There was no difference in the amount of miR-375 and miR-375/IEQ released during the first 7 days post-ITx between the Reparixin and placebo groups, between the first and second transplant, as well as between transplants leading to insulin independence, partial function, or failure.

Of note, the patient who developed acute rejection on day 7 after their 1st ITx had miR-375 levels 10-fold lower in the first 7 days when compared to the remaining patients who did not develop complications. Interestingly, this patient’s AUC miR-375 release was in the same low range after uncomplicated 2nd ITx, which resulted in long-term insulin independence while miR-375 release was again 5 fold higher in remaining patients at the same time (Fig. 7).
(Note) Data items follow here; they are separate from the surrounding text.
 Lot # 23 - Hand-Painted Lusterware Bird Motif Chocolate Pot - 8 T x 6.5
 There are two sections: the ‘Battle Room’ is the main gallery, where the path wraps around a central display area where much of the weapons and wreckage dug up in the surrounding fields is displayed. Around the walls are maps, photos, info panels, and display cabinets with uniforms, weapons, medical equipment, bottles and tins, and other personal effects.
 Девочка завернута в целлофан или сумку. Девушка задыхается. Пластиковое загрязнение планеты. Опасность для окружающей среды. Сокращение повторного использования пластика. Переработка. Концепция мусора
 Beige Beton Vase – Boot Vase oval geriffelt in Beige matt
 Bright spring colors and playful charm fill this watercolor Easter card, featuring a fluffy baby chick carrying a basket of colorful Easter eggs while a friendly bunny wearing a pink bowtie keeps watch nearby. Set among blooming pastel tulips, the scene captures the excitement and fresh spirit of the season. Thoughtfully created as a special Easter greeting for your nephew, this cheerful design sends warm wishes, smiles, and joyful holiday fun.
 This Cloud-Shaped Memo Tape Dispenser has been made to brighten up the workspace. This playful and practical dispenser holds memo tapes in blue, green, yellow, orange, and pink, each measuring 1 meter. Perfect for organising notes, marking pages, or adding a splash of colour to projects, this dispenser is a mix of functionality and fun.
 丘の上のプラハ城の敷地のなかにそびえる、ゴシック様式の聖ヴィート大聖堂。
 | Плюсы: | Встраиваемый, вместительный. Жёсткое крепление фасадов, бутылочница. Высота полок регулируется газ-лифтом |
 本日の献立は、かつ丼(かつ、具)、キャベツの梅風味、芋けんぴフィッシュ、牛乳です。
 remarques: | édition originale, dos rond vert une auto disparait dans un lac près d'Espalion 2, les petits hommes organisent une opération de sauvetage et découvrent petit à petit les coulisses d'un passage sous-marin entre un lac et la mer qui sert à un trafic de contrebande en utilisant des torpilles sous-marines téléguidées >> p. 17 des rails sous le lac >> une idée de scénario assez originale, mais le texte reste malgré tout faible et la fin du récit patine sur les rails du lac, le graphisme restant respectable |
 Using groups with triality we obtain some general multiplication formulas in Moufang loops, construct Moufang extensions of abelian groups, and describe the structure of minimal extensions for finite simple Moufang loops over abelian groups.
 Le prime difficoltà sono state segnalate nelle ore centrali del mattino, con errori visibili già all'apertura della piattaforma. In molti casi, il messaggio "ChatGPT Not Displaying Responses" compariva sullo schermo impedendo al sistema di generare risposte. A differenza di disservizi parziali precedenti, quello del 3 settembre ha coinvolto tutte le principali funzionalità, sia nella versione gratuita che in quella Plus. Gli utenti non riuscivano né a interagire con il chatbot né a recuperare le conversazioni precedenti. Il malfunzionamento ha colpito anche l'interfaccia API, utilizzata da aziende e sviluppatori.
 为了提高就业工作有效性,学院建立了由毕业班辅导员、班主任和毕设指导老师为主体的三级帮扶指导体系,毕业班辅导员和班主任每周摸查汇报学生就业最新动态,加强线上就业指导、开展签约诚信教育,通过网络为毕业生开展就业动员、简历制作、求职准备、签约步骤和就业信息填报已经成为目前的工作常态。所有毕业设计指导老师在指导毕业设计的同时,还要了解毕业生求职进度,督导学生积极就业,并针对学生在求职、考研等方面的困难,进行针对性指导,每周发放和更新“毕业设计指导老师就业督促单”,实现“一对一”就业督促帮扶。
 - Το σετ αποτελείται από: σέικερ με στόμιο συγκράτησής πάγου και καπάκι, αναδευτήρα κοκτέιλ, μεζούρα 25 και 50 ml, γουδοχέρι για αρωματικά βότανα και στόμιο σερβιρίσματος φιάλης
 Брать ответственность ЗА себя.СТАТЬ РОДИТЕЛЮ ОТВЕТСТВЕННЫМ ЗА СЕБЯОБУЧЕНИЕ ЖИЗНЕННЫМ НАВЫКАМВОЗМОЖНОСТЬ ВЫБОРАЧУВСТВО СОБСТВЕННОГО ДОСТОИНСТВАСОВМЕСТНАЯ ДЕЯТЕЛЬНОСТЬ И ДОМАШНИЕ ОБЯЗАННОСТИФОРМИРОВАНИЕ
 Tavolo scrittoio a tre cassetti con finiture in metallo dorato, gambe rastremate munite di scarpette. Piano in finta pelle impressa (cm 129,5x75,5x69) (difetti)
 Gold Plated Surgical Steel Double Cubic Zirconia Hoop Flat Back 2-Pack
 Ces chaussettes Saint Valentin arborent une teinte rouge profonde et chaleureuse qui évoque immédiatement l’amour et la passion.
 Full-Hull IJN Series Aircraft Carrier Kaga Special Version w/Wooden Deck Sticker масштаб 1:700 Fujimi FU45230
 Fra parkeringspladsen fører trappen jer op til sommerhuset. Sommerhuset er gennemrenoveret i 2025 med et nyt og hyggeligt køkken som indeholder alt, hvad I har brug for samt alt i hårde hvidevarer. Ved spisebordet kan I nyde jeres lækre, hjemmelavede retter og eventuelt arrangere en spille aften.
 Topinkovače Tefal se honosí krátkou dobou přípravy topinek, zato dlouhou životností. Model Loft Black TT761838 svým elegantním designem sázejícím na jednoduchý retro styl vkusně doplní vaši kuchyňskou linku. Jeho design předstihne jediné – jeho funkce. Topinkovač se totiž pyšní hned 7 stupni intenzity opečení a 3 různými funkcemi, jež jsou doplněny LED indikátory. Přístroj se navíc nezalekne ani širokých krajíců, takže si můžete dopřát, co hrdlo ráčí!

Figure 7. — Comparison of miR-375/IEQ release profiles in one patient with antibody mediated rejection (AMR) and successful islet transplant with remaining patients after islet transplantation Patient # 7 (1st ITx) who developed AMR on day 7 with complete islet graft loss (primary non-function (PNF)) after his 1st ITx had miR-375/IEQ levels 10-fold lower in the first 7 days when compared to two other patients # 5 (1st ITx) and # 1 (1st ITx) who did not develop complications. Interestingly, AUC miR-375/IEQ levels in the same patient (# 7) were in the same range during his uncomplicated 2nd ITx, which resulted in long-term insulin independence (patient # 7 2nd ITx), and still were over 5 fold lower compared to other patients with insulin independence - # 5 (1st ITx) and # 1 (1st ITx). Two other patients - # 4 (1st ITx) and # 8 (1st ITx), who developed donor specific antibody (DSA) with some islet graft dysfunction and required continuous insulin support, also had similar miR-375/IEQ release profiles when compared to those with excellent islet graft function - # 5 (1st ITx) and # 1 (1st ITx). MiR-375/IEQ in first 7 days post-transplant did not correlate with islet graft function.

Discussion

Optimal islet engraftment is critical in order to achieve long-term insulin independence after islet transplantation¹². Sufficient quantity and quality of islet mass must be transplanted in the setting of favorable local conditions at the engraftment site for optimal islet mass engraftment. Results from the Edmonton group indicate that transplantation of an islet mass over 5,000 IEQ/kg per transplant and a total cumulative islet mass of 10,000 IEQ/kg are essential for effective engraftment and subsequent insulin independence¹⁸. Despite positive preclinical and phase 1/2 study results, a recent multicenter trial did not demonstrate any benefit of Reparixin, a CXCL8 receptor inhibitor which modulates the inherently inflammatory intraportal environment, on engraftment. Islet engraftment and long-term insulin independence did not differ in the Reparixin and the placebo groups, however, the multi-center trial was limited by suboptimal study conditions including a lower- marginal islet mass transplanted (at least 3,000 IEQ/kg per transplant and a total over 6,000 IEQ/kg for two transplants) and the absence of a standardized immunosuppression regimen⁵.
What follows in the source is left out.